The other week, I wrote about the hesitancy to return to office.
The fair question to ask is: So… now what do we do about it now?
A simple answer is: We stay remote, and people come into the office as they see fit.
A simple answer is: We stay fully remote, and no longer need any office space.
A simple answer is: We were fully remote, because the pandemic forced us to be, now we are back to being fully in office.
A more complex answer is: We are hybrid. Sometimes in the office… sometimes not.
It’s a more complex answer, because every business (every department… every human) has a different definition of what “hybrid” really means.
I (often) joke that hybrid means: “I don’t know.”
People like to think that because of the pandemic, office work (as we have known it to date) has changed.
Throughout my years of professional work (which is now traipsing into well over 30 years), I have seen and done it all:
- I have worked from home.
- I have worked from an office.
- I have worked remotely.
- I have worked as a solopreneur.
- I have worked for non-profits.
- I have worked for companies.
- I have worked for startups.
- I have been an entrepreneur.
- I have worked with multiple offices, in multiple timezones across multiple cultures.
They all have benefits. They all have flaws. There is no perfect answer.
There is no way to get every organization within every industry aligned.
But… we can think about work in a different way.
Here are some jams on how to get there:
- Your job isn’t just the time you spend working. Your salary includes everything from the commute, to the price of parking, to home internet access, to buying a better webcam and audio setup at home to stay better connected, and beyond. All of these factors should play into whether or not this is the company for you. Complaining that the commute to an office is now a pain for you because of traffic or public transport is the pain you accepted when you took the job in the first place (even if you moved further away from the office during the pandemic). This might sting, but it’s actually quite liberating once you accept everything it takes to get your job done as a part of your salary.
- Your commute is an opportunity. The commute (and beyond) are “spaces” for you to grow, catch up and connect (if you so choose). Never forget this. Personal development is your own business… not your employer’s (granted, it is a huge bonus when the employer does care about it). Commutes are amazing “third spaces” to learn about your industry, listen to a podcast, network with peers, etc…

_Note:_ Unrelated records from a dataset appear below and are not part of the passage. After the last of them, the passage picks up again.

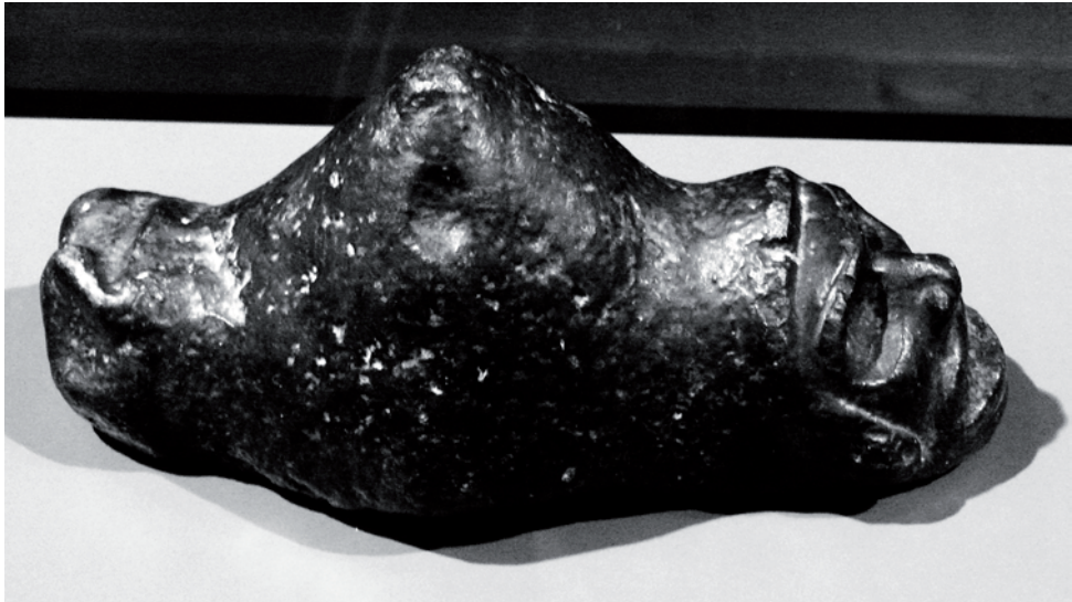
7. Trigonolito. Cultura Taina, Antillas Mayores.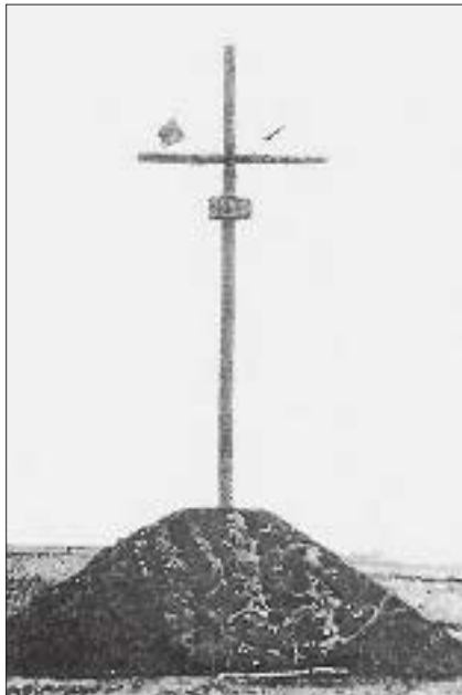
Братська могила націоналістів, розстріляних Гестапо 27.11.1942 р. неподалік Старої Ягільниці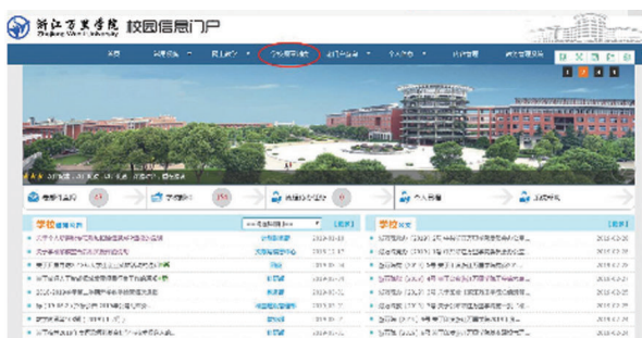
浙江万里学院:助推学校“最多跑一次改革”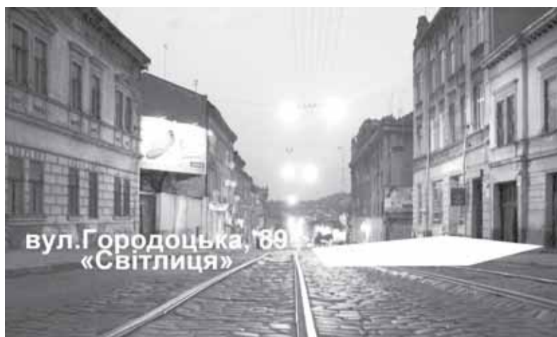
вул. Городоцька, 89 «Світлиця»

Неподалік храму свв. Ольги та Єлизавети, у «Світлиці», що на вул. Городоцькій, 89, відбуваються зустрічі малозабезпечених та безпритульних людей, під час яких потребуючі можуть послухати духовну науку, підкріпитися безкоштовною їжею, а тепер також проконсультуватися з лікарем та отримати медикаменти.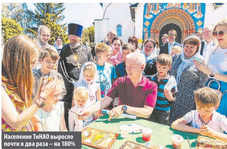
Население ТиНАО выросло почти в два раза – на 180%

«10 лет работы – это восемь станций классического метро, линия наземного метро МЦД-2 и 340 километров дорог, включая крупнейшие магистрали: фактически заново построенное Калужское шоссе и трассу Солнцево – Бутово – Варшавское шоссе, которая станет дублером МКАД. Еще через 10 лет в Новой Москве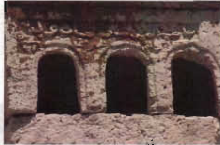
Resim 12: Kuşevi Üzerindeki Kitabe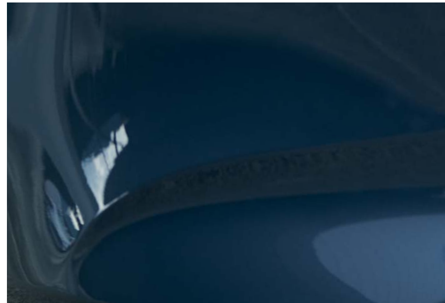
Deep Crystal Blau

- Leaders and managers are great coaches. At least they should be. If you’re a leader and manager, but you’re not a great coach… you are doomed in this new work environment. Employees should be fighting to be on your team (or work at your company). This article from the Harvard Business Review says it way better than I can: Successful Leaders Are Great Coaches. In short, why would anybody show up to be told what to do, in a world where everybody will show up because of how much better you make them… and the team?

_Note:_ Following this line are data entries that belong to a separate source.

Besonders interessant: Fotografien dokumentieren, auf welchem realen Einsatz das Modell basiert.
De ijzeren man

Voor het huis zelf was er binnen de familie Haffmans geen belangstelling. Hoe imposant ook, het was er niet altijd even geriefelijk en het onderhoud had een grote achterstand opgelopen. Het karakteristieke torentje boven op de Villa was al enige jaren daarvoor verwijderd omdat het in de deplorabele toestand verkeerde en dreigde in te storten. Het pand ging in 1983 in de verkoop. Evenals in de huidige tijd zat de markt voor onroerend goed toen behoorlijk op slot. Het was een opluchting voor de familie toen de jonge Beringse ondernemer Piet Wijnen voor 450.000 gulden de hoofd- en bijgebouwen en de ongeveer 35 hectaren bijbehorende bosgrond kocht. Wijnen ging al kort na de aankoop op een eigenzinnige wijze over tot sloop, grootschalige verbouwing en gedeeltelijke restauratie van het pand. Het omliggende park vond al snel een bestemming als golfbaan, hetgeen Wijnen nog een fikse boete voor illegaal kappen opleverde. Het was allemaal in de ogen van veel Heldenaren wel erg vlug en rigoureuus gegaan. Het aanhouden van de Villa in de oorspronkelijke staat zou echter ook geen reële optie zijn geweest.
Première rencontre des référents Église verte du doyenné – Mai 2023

- Make coming into the office the ultimate work experience. If coming to the office isn’t a better work experience than staying home… why have the office? The usual diatribe is that people should come to the office for meetings and to collaborate. Meetings and ways to collaborate have been challenged long before Covid hit. Most meetings could have been an email, and most people were never taught how to truly collaborate in an additive way. If leaders want their teams back in the office, focus on creating an experience worth coming in for. Hint: If the sole purpose for coming into the office is that managers can keep an eye on employees, then all is lost. Another hint: Free lunches and parking will only work on a small segment of your team… and only for a small period of time. If you’re not making your office the ultimate work experience, then maybe you don’t need an office?
- What makes for a great office experience? What can make that experience better beyond improving how meetings work and how the team collaborates? Think about areas like professional development (what can we do in our office space that makes a person better… what tools, platforms and experiences can we give them to make them not want to stay at home?). Think about areas like mentoring (what can we do to help everyone connect and grow?). Think about great conversations (We’ve all experienced a coffee over Zoom… verses meeting someone in person… I think we all know which experiences stick with us longer and have more impact). Lastly, the culture. We, the humans, go places because of culture. Make the office a living and breathing embodiment of your culture, and watch people flock to it.
- Focus less on managers and focus much more on your people. Every argument over “back to office” feels like a manager versus employees type of conversation. Make it about the people… all of the people… in the organization. This isn’t about management and control, and it’s not about employees and productivity. It’s about the entire team and how a central space can add to that.
- If my office is just where I do my job, how can leaders make it something more? How can I be a part of something bigger than myself? What kind of legacy will that create? What kind of legacy do I want to be a part of? If I am putting in these hours with you (and your team) at an office, how big of an impact is my work having on this greater outcome? If I can see it, feel it, smell it and taste it… I will be excited to show up for it.
- Social Media can be a teacher. Social media has trained the masses for instant gratification and FOMO (Fear of Missing Out). If you want people to physically show up in your office, is there a way to replicate this instant gratification and fear of missing out? I have not fully flushed out my thinking on this, but replicating that dopamine drop may be a key in cracking the code of getting people back into the office, if that’s your jam.
The office of the future doesn’t have to be the office from before the pandemic. That’s a choice… and it may no longer be the wise one.